Transcribe all the records exactly and omit any images they hold.
(Beginning of Data provided)
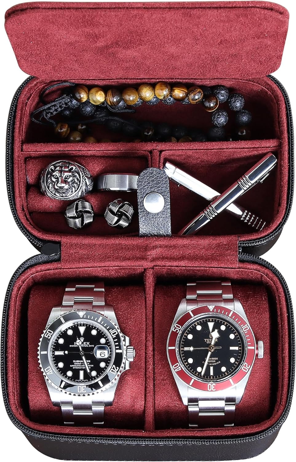 - PERFEKTES REISEZUBEHÖR; Leicht und perfekt für Wochenendausflüge, Geschäftsreisen oder einfach nur die Aufbewahrung Ihrer wertvollen Uhren und Accessoires. Bewahren Sie Ringe, Armbänder, zusätzliche Uhrenarmbänder oder anderes Zubehör in einem
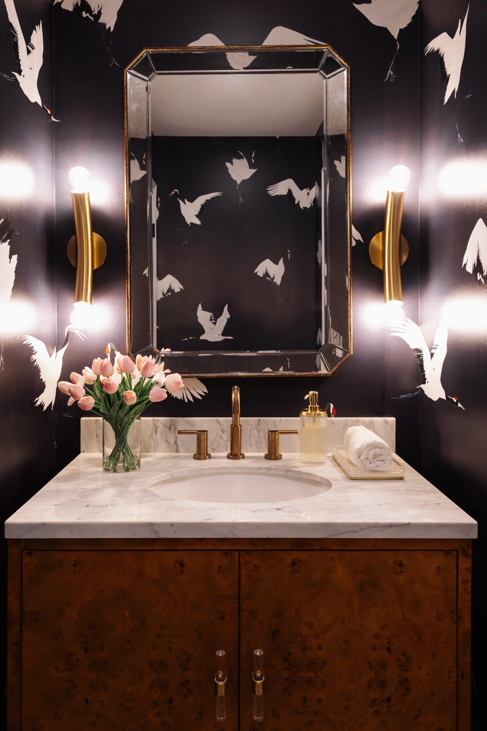 “I knew our client would want the most glamorous bathroom ever, so I pulled out all of the stops,” Cannon says of the primary bathroom. “We created a much more expansive bathroom, and I wanted jaws to drop when people saw it, so I went for it and made sure there was something interesting to look at everywhere you turn.”
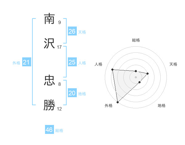 南沢 忠勝さんを姓名の画数から五運を鑑定
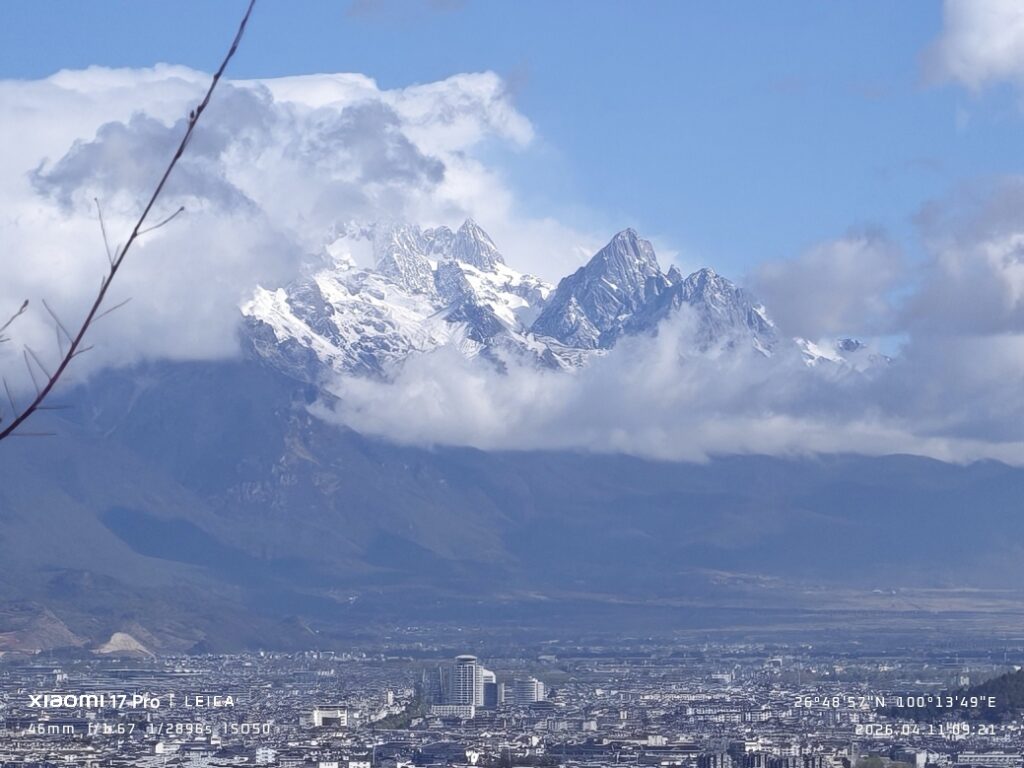 从丽江驶向大理的路上,在丽江南收费站附近(坐标:26°48’57.0″N, 100°13’49.0″E),我偶然抬头,一眼望见玉龙雪山在晨光中静静矗立,山脚下的丽江清晰可见。那一刻,心被狠狠击中。
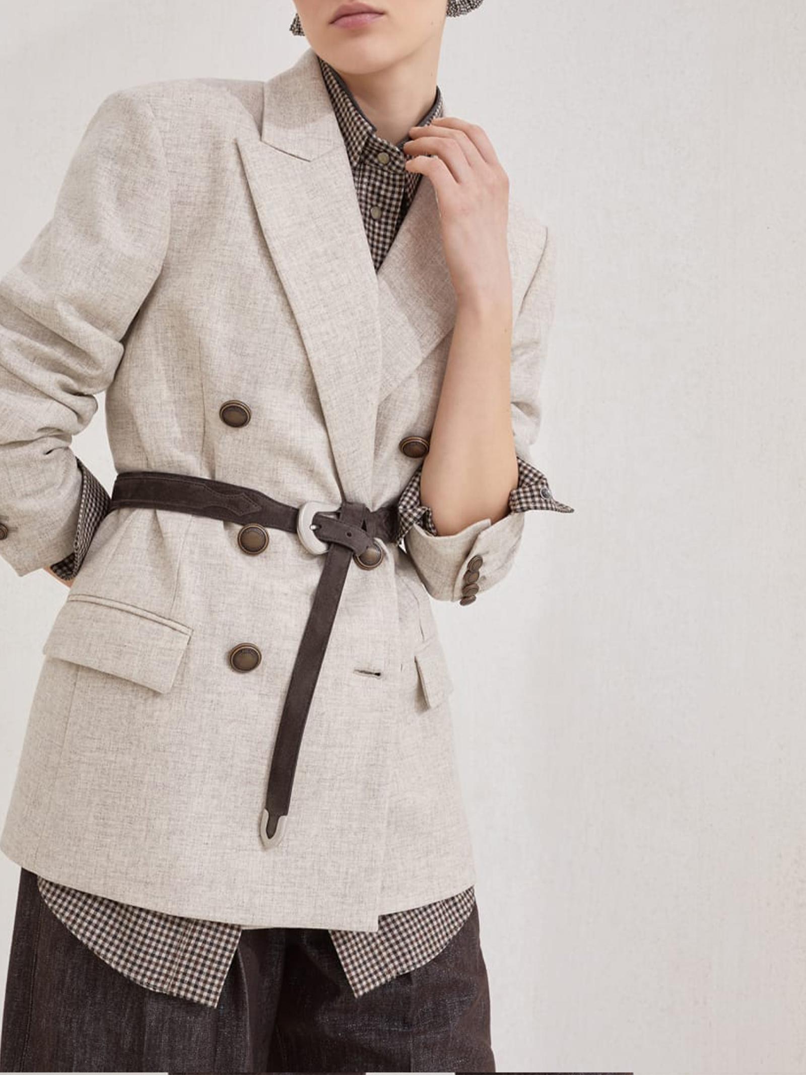 Materiali pregiati e dettagli preziosi si uniscono nella nuova giacca in flanella twill di lana vergine e cashmere. Gli importanti rever a lancia, la chiusura doppiopetto con bottoni in metallo e le classiche tasche con pattina enfatizzano l'aspetto sartoriale del modello, interpretato in una chiave femminile e sofisticata. Il pregiato tessuto, morbido e avvolgente, dona una piacevole sensazione di calore, mentre un delicato ricamo in brillante monile Nickel-free, decorazione iconica delle collezioni Brunello Cucinelli, completa la giacca con una raffinata nota di luce.La flanella twill di lana vergine e cashmere si distingue per linconfondibile armatura diagonale, che conferisce struttura e resistenza al tessuto. La mano è straordinariamente morbida e avvolgente, regalando una sensazione di calore e comfort all'indosso.Presenta inoltre fodera in crêpe misto seta, taschino sul petto, polsini con quattro bottoni in metallo e spacco singolo sul retro.Istruzioni per il lavaggio: Per la pulizia richiedere ai centri specializzati esclusivamente il lavaggio a secco, non candeggiare. Non usare l'asciugatrice, stirare a bassa temperatura.Composizione: 95% LANA VERGINE, 5% CASHMEREMade in Italy
(End of Data provided)
→ **Solution for this problem**:
 - PERFEKTES REISEZUBEHÖR; Leicht und perfekt für Wochenendausflüge, Geschäftsreisen oder einfach nur die Aufbewahrung Ihrer wertvollen Uhren und Accessoires. Bewahren Sie Ringe, Armbänder, zusätzliche Uhrenarmbänder oder anderes Zubehör in einem
 “I knew our client would want the most glamorous bathroom ever, so I pulled out all of the stops,” Cannon says of the primary bathroom. “We created a much more expansive bathroom, and I wanted jaws to drop when people saw it, so I went for it and made sure there was something interesting to look at everywhere you turn.”
 南沢 忠勝さんを姓名の画数から五運を鑑定
 从丽江驶向大理的路上,在丽江南收费站附近(坐标:26°48’57.0″N, 100°13’49.0″E),我偶然抬头,一眼望见玉龙雪山在晨光中静静矗立,山脚下的丽江清晰可见。那一刻,心被狠狠击中。
 Materiali pregiati e dettagli preziosi si uniscono nella nuova giacca in flanella twill di lana vergine e cashmere. Gli importanti rever a lancia, la chiusura doppiopetto con bottoni in metallo e le classiche tasche con pattina enfatizzano l'aspetto sartoriale del modello, interpretato in una chiave femminile e sofisticata. Il pregiato tessuto, morbido e avvolgente, dona una piacevole sensazione di calore, mentre un delicato ricamo in brillante monile Nickel-free, decorazione iconica delle collezioni Brunello Cucinelli, completa la giacca con una raffinata nota di luce.La flanella twill di lana vergine e cashmere si distingue per linconfondibile armatura diagonale, che conferisce struttura e resistenza al tessuto. La mano è straordinariamente morbida e avvolgente, regalando una sensazione di calore e comfort all'indosso.Presenta inoltre fodera in crêpe misto seta, taschino sul petto, polsini con quattro bottoni in metallo e spacco singolo sul retro.Istruzioni per il lavaggio: Per la pulizia richiedere ai centri specializzati esclusivamente il lavaggio a secco, non candeggiare. Non usare l'asciugatrice, stirare a bassa temperatura.Composizione: 95% LANA VERGINE, 5% CASHMEREMade in Italy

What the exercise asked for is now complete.